Vituperios como razones y argumentos en las redes sociales, reyertas por diálogo en los sitios de opinión, pendencias entre partidos como ética política, abusos a niños, golpizas cuando no asesinatos a mujeres, tapabocas a quienes disienten, marchas pacíficas disueltas a porrazos y balas, migrantes en busca de hogar seguro dejados al azar de la intemperie, genocidios en nombre de determinada fe, crímenes raciales, gobiernos impuestos por la razón de la fuerza, guerras por intereses mercantiles disfrazados de asistencia liberadora…
Tal es, en parco resumen, el panorama de este mundo. Una energía, potente como la gravitación universal, pero perniciosa y mortífera, parece hacer girar al planeta.
No hay fuerza más destructiva que el odio. Genera entre las personas constante resentimiento, agresividad, animadversión, rencillas, guerras, ansias de aniquilar al semejante. Pero el odio no solo hace daño al otro. En primer lugar perjudica al propio odiador. Lo sume en un estado de perpetua irritación, de obnubilación que no deja actuar a la sensatez, que enturbia la comprensión, que aleja todo afecto. La persona que odia no conoce la paz interior tan necesaria para acercarse, comprender y actuar debidamente en el mundo.
Y no se trata de la ira que es una energía necesaria para proceder con fuerza ante algo que nos lesiona, pero que no deja secuelas. La ira es ocasional y enfocada a un acto, el odio es permanente y se proyecta ante todo lo que el individuo considera inconveniente. Va dirigido no a los actos de una persona sino a la persona misma, pues se ve a esta como causa de nuestras decepciones, frustraciones y derrotas. Al ser un impulso instintivo e irracional actúa de forma desproporcionada y arrasadora contra el objeto de su animadversión.
El odio es fruto de la incapacidad del individuo para la autocrítica, el diálogo y la tolerancia. La arrogancia de pretender que siempre tenemos la razón o el rencor de creer que siempre somos la víctima es lo que genera el odio. Es por eso tan necesario el autoconocimiento, el pensamiento crítico, la sensibilidad ante lo diferente, el razonamiento asistido de sensibilidad humana.

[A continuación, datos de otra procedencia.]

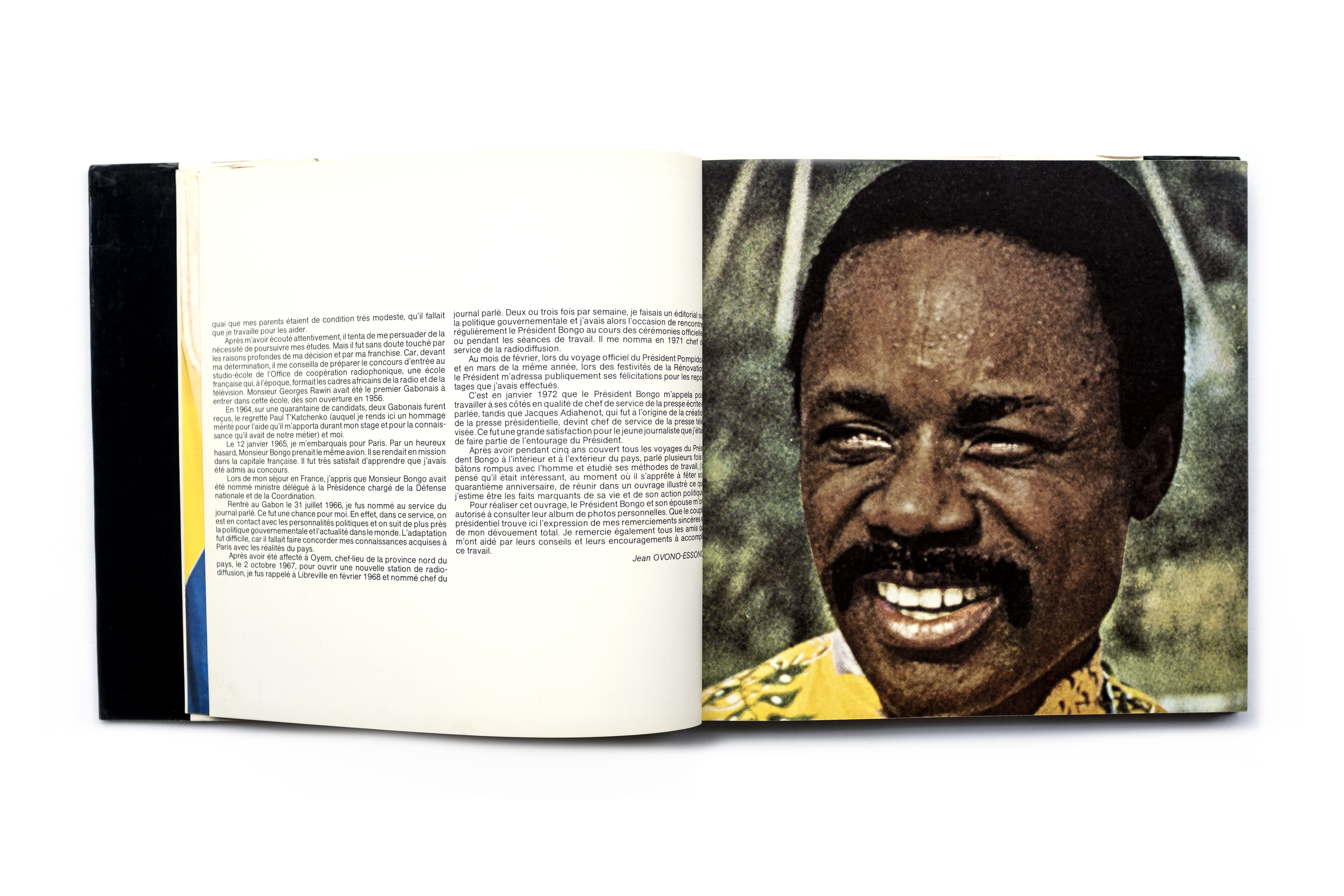 Title: Le président Bongo Photographer(s): Official information, Prunet, Desprats, Longeville and R. Groux Designer(s): Unknown Writer(s): Jean Ovono-Essono Publisher: Une coédition multiples-gabon et Paul Bory s.a., ? 1975 Pages: 130 pp Language: French ISBN: Dimensions: 24.5 x 24.5 cm Edition: – Country: Ghabon

Nadie es perfecto, pero eso no nos hace peores, solo humanos. Saber y aceptar esto nos lleva a una mayor paz interior, a una constante autosuperación y a un espíritu conciliador tan necesario siempre para el equilibrio de las relaciones humanas.
Por su carácter ofuscador y agresivo, que no admite otros argumentos que los de su pasión exacerbada, el odio puede ser fruto de manipulación para tétricas misiones. Precisamente, conocedores de la pujanza demoledora de este sentimiento, muchos capos de masas humanas lo han aprovechado para azuzar a favor de sus propósitos a unos grupos de sujetos contra otros.
Es la virulencia que atizó Franco contra los republicanos, el encono que incitaron los gobernantes pretorianos contra los negros sudafricanos, la carnicería que logró desatar Hitler contra los judíos y otras minorías o el minucioso exterminio de Stalin a sus opositores, solo por citar unos casos conocidos.
El mundo solo tendrá paz cuando nos acerquemos los unos a los otros a consensuar, a compartir y cooperar. Cuando se asuma una actitud así, los bandos y partidos solo servirán para objetivos concretos, pero nunca para la anulación o eliminación del otro.
El otro diferente es solo la parte que me hace comprender que la vida es mucho más que mi yo y lo que creo, y que todos podemos convivir con cordura, comedimiento y respeto. Alejemos con autosuperación esta cualidad aciaga porque, como decía Martí: «El odio es un tósigo: ofusca, si no mata, a aquel a quien invade».